Как и многие другие «Павловичи», был выслан из Литвы и Эдвард Бонифаций Павлович (бел. Паyловiч, 1825—1909) – польский (беларуский) художник-портретист и пейзажист (ученик Канута Русецкого). Представитель литвинского, шляхетского рода герба «Ясенчик».
Герб рода Павловичей, узаконенный в 1620 году
Детство Эдвард провел на Новогрудчине, учился в Жировицах, Слониме и Слуцке. Учился и в Императорской академии художеств в Санкт-Петербурге, которую окончил в 1853 году, уехал на несколько лет в Европу, вернулся в Новогрудок и с 1859 года преподавал в Новогрудской гимназии, в 1860 году основал здесь воскресную школу и театр. После восстания 1863—1864 года Эдвард Павлович был арестован и сослан в глубь Российской империи. Все чем владел он и его семья, было конфисковано, так что после ссылки ему пришлось перебраться во Львов (1870 год, тогда Австро-Венгрия), где занимался творчеством, писал картины, издавал каталоги фондов музея Любомирских. Там и скончался в 1909 году.
Эдвард Бонифаций Павлович (бел. Паyловiч, 1825—1909)

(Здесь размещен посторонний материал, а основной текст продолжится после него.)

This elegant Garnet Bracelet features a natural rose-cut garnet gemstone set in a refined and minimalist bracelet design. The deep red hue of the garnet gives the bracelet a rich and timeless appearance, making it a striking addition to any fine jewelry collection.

Эдвард Павлович оставил после себя «Воспоминания», которые передают дух времени, после третьего восстания в Литве и Польше 1863 года, описывают общественную жизнь Литвы, жителей Новогрудка, мытарства ссыльных на крайнем севере России, в Карелии (совр. Архангельская область), его путешествие через всю Россию после амнистии, что я и предлагаю читателю.
Авторизованный перевод с польского языка – Артур Прокопчук
ЧАСТЬ I
Новогрудок
Положение общества Литовской Руси во время царствования царя Николая I
Чтобы легче было понять эпоху, которую я хочу описать, считаю своим долгом коснуться времени, которое целиком, с точки зрения Польши, определилось временем царствования царя Николая с 1831 года.

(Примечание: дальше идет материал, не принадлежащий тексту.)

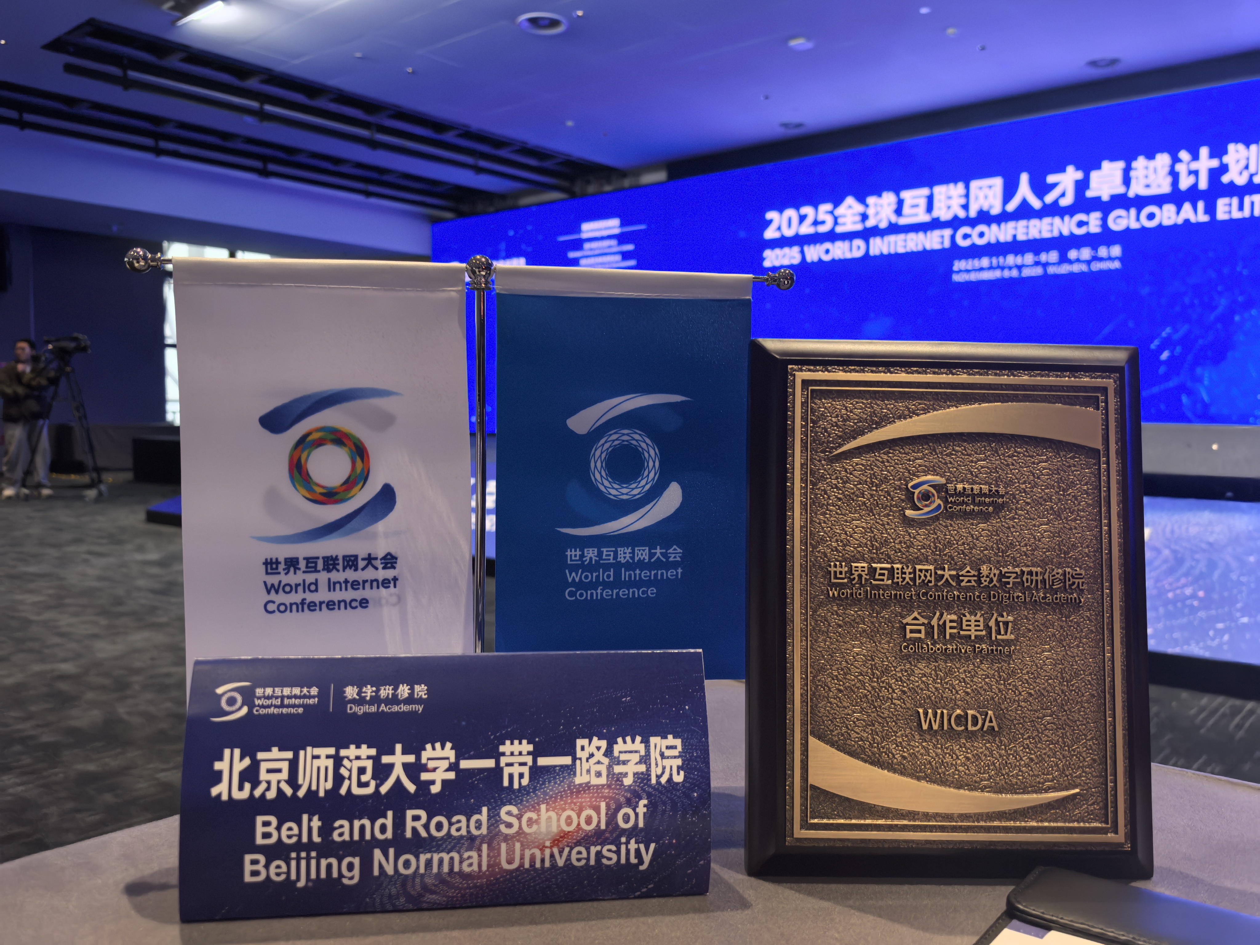 On November 8, the awarding ceremony for the new partner institutions of the World Internet Conference (WIC) Digital Academy was held in Wuzhen, Zhejiang. Beijing Normal University was selected as one of the newly added collaboration partners of the WIC Digital Academy. The Belt and Road School, serving as the liaison unit, was invited to attend the ceremony and received the official plaque. Ren Xianliang, Secretary-General of the World Internet Conference, attended the event and presented the plaques to the new partner institutions.

Поражение восстания 1831 года горько отразилось на судьбе Литвы. Железной рукой царя Николая, его мстительной политикой подавлялось все живое, уничтожались польские черты общества, гасился его дух. С этого времени главным направлением царской политики стало обращение народа в «рускую веру». государственный панрусизм. Задачами этой политики были:
– изоляция литовского общества, полное уничтожение Унии, религиозных, польско-католических элементов, подавление вековой толерантности, сложившейся в народе за долгие годы.
Первым самым действенным шагом в этом направлении стала конфискация всех земель и усадеб участников восстания. И пошло – закрытие Виленского Университета (1833), всех школ поддерживаемых местным духовенством, монастырей, а потом и закрытие костелов. Либо передача их православной церкви, которое началось еще раньше (1828). Первой жертвой этого насилия стала Жировицкая обитель в окрестностях Слонима, поддерживаемая базилианцами и известная древним образом Богоматери. Прекрасно расположенная в замечательном уединенном месте, как бы созданная для молитвы, эта обитель притягивала к себе со все сторон и сторонников веры и учащуюся молодежь.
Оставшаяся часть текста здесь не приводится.